= Gerhard Windolf =

German athlete (1924–2018)

Gerhard Windolf (13 January 1924 – 3 November 2018) was a German Masters track and field athlete. He was the 1995 Masters World Champion in the decathlon, beating future world record holder Pekka Penttila. Four years later he returned to get a bronze medal behind Penttila. As a combined event athlete, he also has produced medal winning results in a range of other events, primarily jumping events. He won the world championship in the high jump in 1995, 2005, 2009, and 2015, while getting bronze in 1991 and 1999. He won the long jump in 2009 and 2015, with a bronze in 1999. He also picked up a silver in the triple jump and shot put in 2009, with bronze medals in 2005 and 2015.

Windolf was involved in Masters athletics since at least 1980, when he won a bronze medal in the high jump at the European Championships at the age of 56. With results across seven age groups, he is ranked the #6 long jumper in European history. Based on the age graded scale he has averaged a comparative throughout his career.
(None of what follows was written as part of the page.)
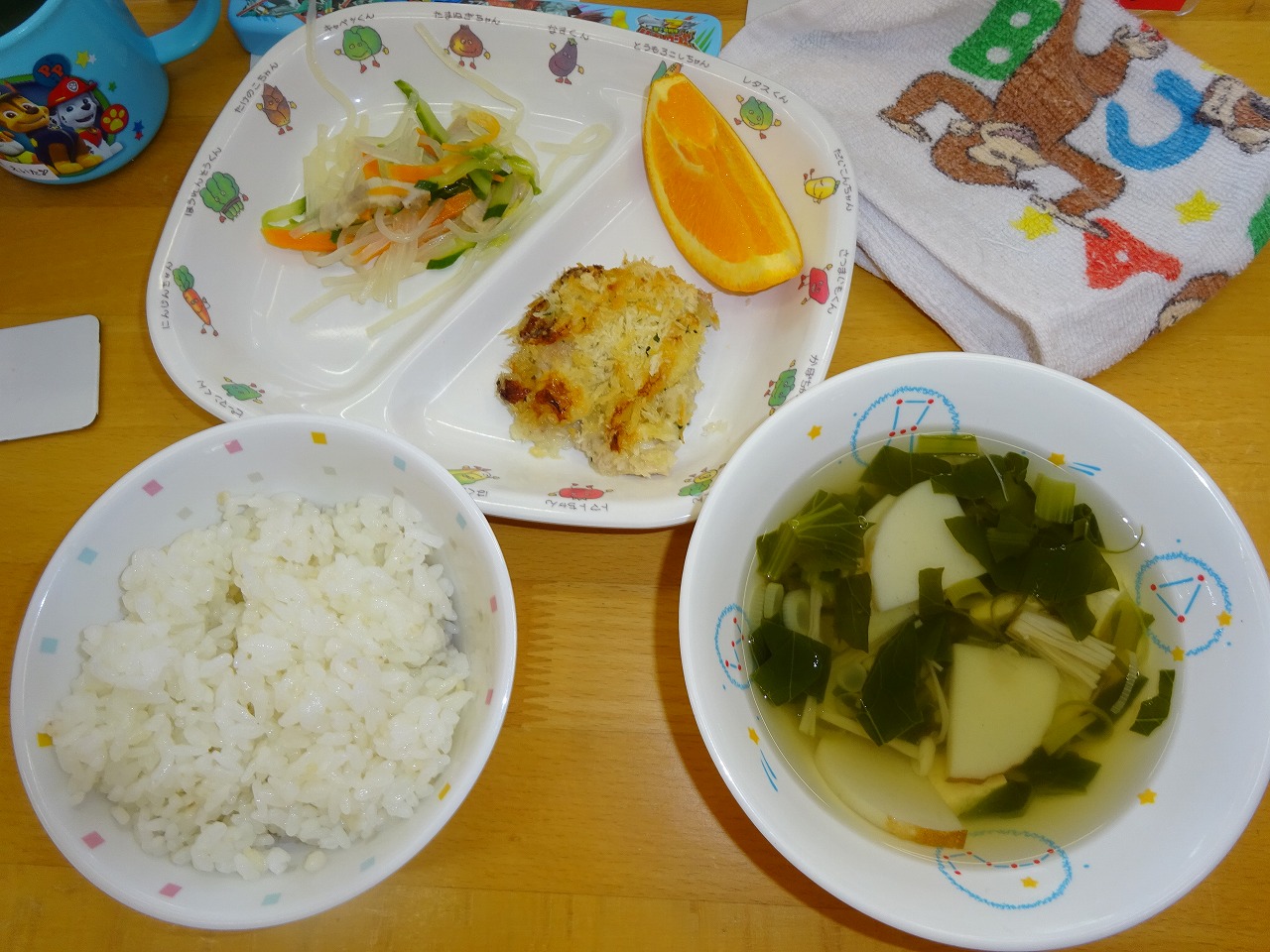 5月10日(火)給食 ・ごはん ・鶏肉のパン粉焼き(鶏肉・パン粉・パセリ・マヨドレ) ・春雨サラダ(マロニー・キャベツ・きゅうり・にんじん・ハム) ・すまし汁(豆腐・かまぼこ・こまつな・えのきたけ・ねぎ) ・オレンジ

On a similar average, he is ranked #5 in the high jump, averaging across 8 age divisions. As of 2006, he was tied for the European record in the M80 pole vault, set while winning the European Veterans Athletics Championships in Aarhus, Denmark.

He began participating in athletics and gymnastics at the age of 10. During World War II he was wounded, with extensive shrapnel to his lower jaw. But the injury, taking him out of the war, perhaps saved his athletic future. Into his 90s, he trained three days a week. He returned to the Championships because "there are great friendships. And it is always a pleasure to meet again." Windolf died in November 2018 at the age of 94.